▸ **Working data**
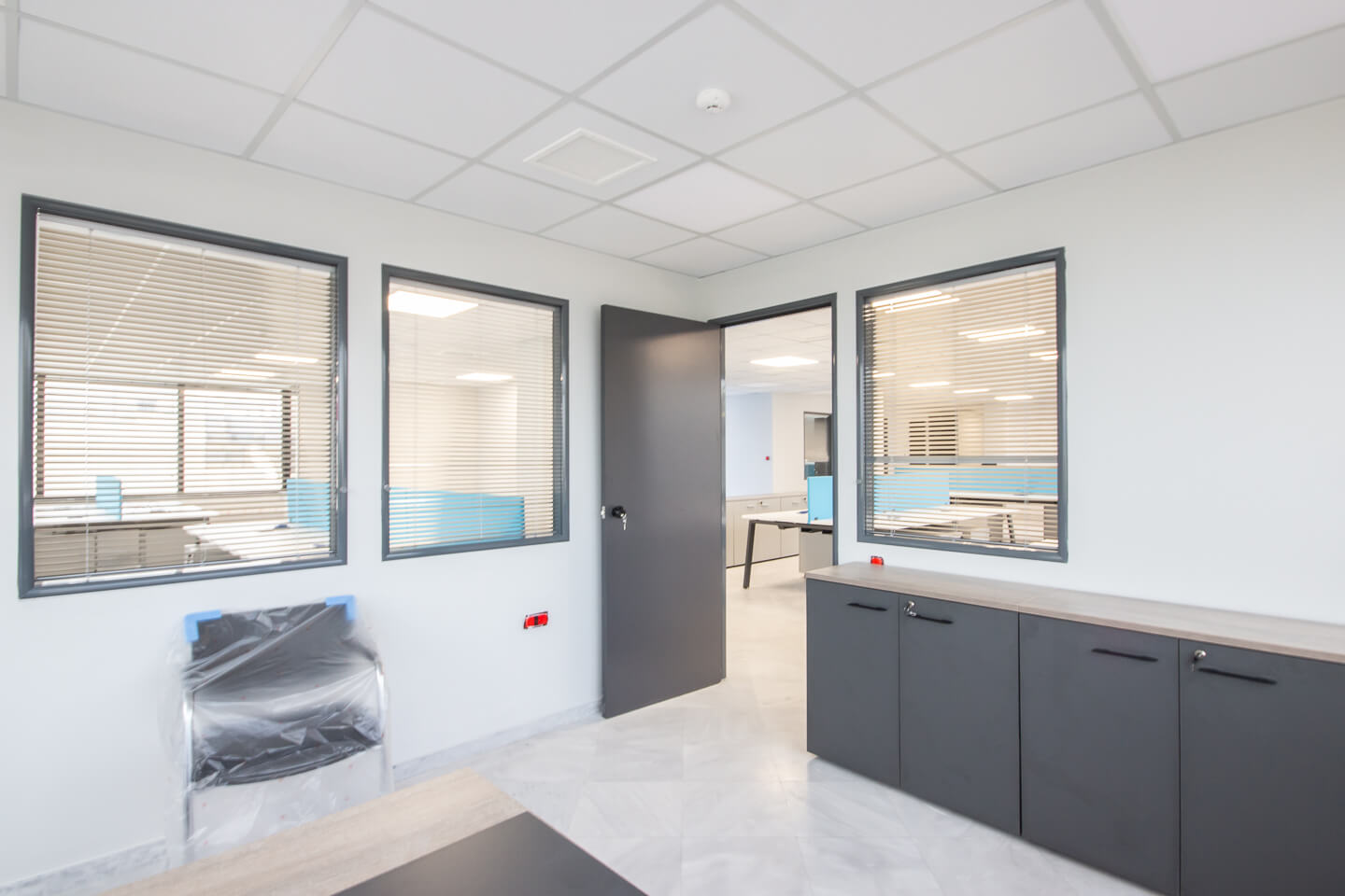 Ο χώρος είναι πλήρως ανακαινισμένος και διαμπερής, κατάλληλος για απαιτητικές επαγγελματικές χρήσεις. Περιλαμβάνει δάπεδα από μάρμαρο, ψευδοροφή ορυκτής ίνας, σύγχρονο αυτόνομο σύστημα κλιματισμού, δομημένη καλωδίωση, εγκατάσταση για υπολογιστές και τριφασικό ρεύμα. Επιπλέον, οι εσωτερικοί χώροι διαμορφώνονται ευέλικτα με κινητά χωρίσματα από γυψοσανίδα και γυαλί, προσφέροντας τόσο open-plan διάταξη όσο και κλειστά γραφεία ή meeting rooms.
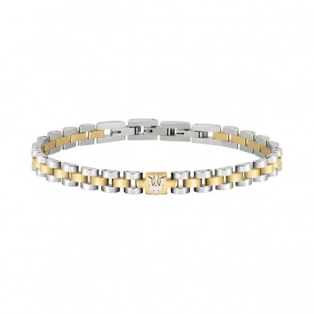 Découvrez le bracelet Homme Maserati en acier bicolore, proposé par votre bijoutier Carador. Ce bijou pour hommes de la célèbre marque Maserati allie discrétion et tendance. Il se compose de maillons en acier argenté, reliés entre eux par des éléments dorés, créant un effet bicolore du plus bel effet. Sa pièce maîtresse est une plaque rectangulaire arborant fièrement le trident de Maserati, symbole de puissance et d'élégance. Ce bracelet Maserati allie parfaitement robustesse et raffinement grâce à sa matière en acier. De genre masculin, il se mariera parfaitement avec toutes vos tenues. Son style tendance et sa couleur bicolore rendent ce bracelet unique en son genre. Vous apprécierez son design fantaisie qui allie originalité et sophistication. Portez ce bracelet Maserati en acier bicolore et affichez votre style avec fierté et élégance.
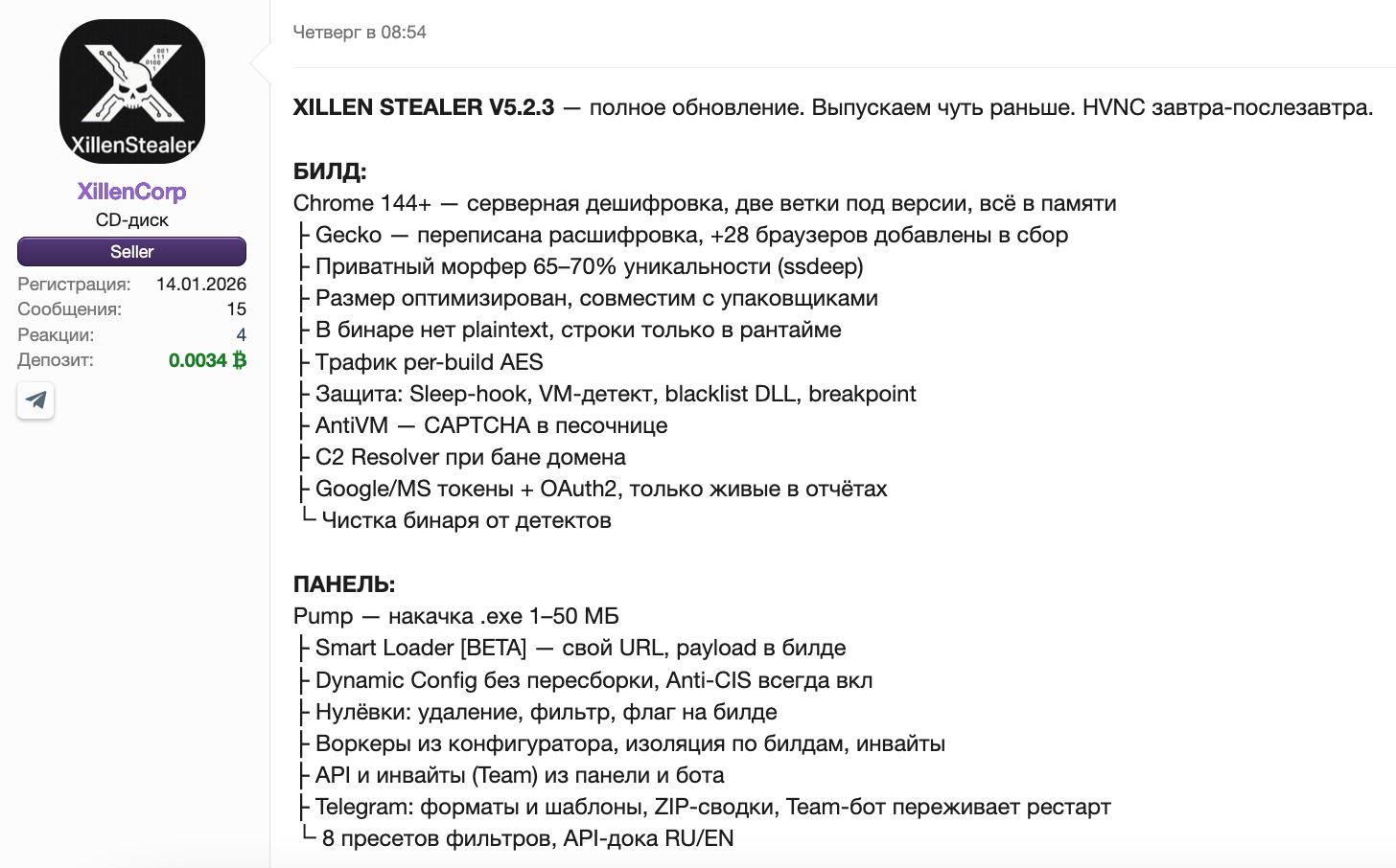 XILLEN STEALER V5.2.3 — full update. We’re releasing it a little early. HVNC tomorrow or the day after tomorrow.
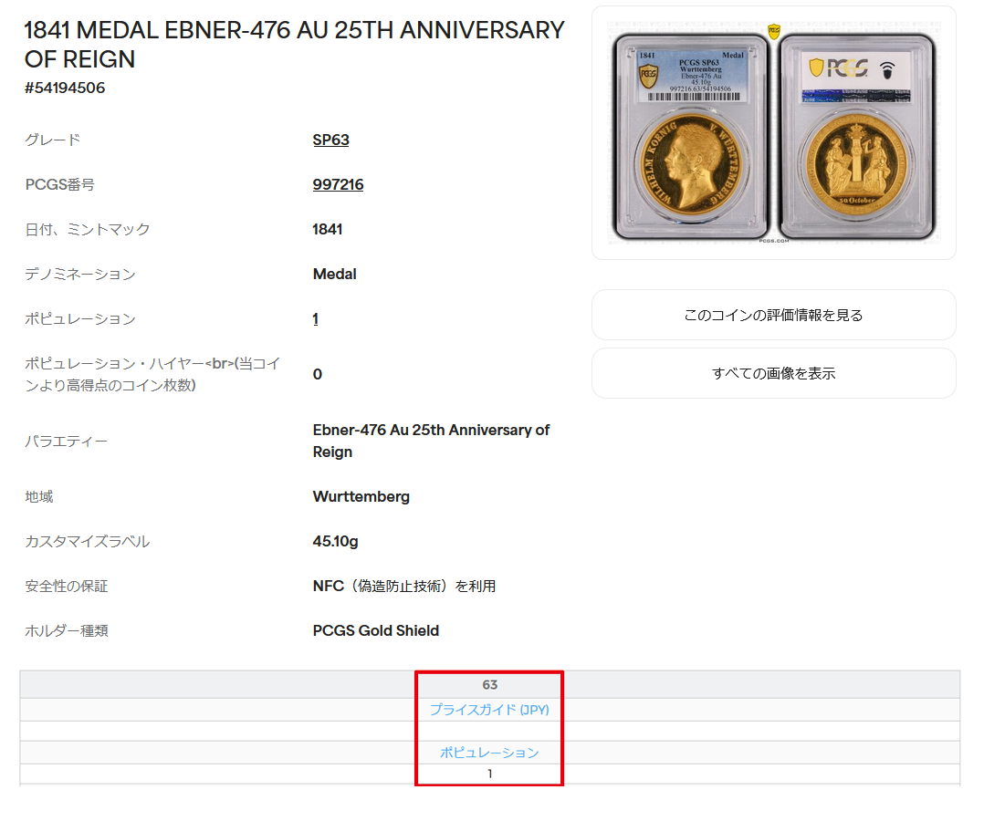 ドイツ|1841年 ヴィルヘルム1世 ヴュルテンベルク 在位25周年記念 金メダル【SP63】単独最高鑑定品をご案内させていただきます。
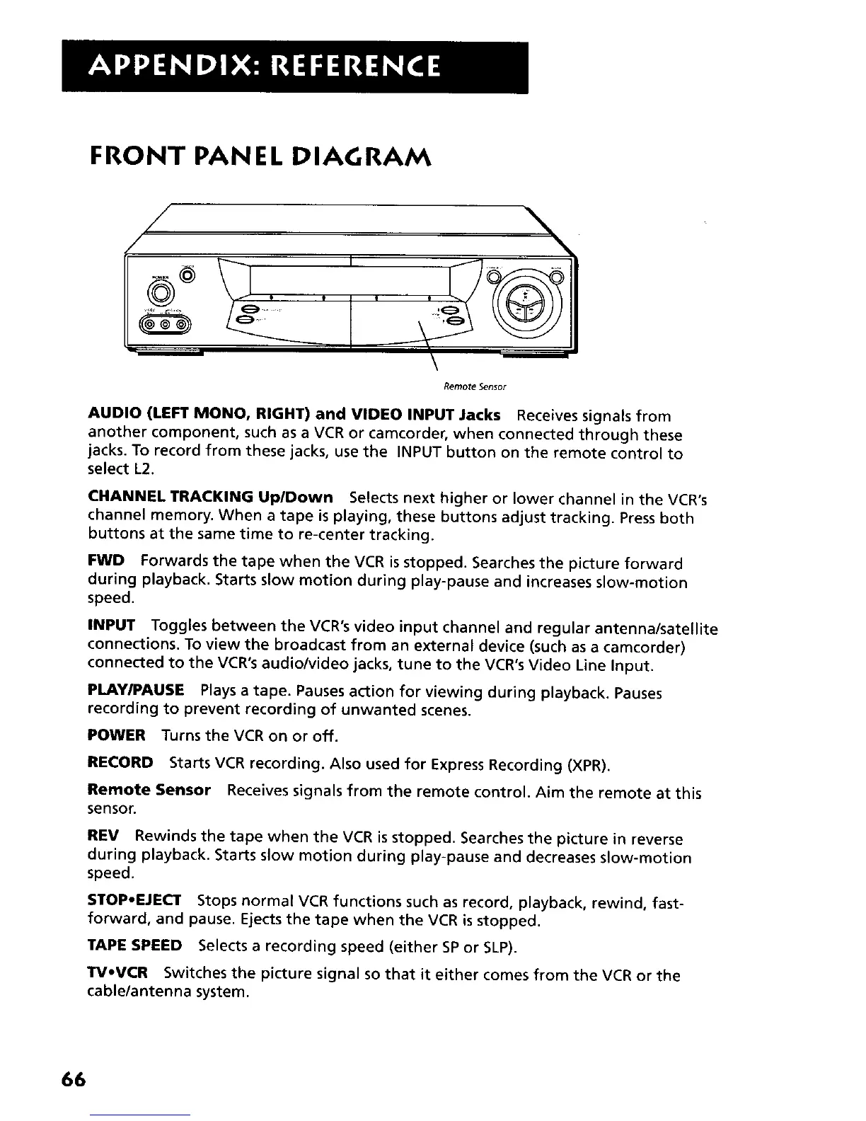 RECORD Starts VCR recording. Also used for Express Recording (XPR).

▸ **Task directions**
The lines to copy run from the line containing "XILLEN STEALER V5.2.3" through the end of the data above; copy exactly those, minus the pictures.

▸ **Completed task**
 XILLEN STEALER V5.2.3 — full update. We’re releasing it a little early. HVNC tomorrow or the day after tomorrow.
 ドイツ|1841年 ヴィルヘルム1世 ヴュルテンベルク 在位25周年記念 金メダル【SP63】単独最高鑑定品をご案内させていただきます。
 RECORD Starts VCR recording. Also used for Express Recording (XPR).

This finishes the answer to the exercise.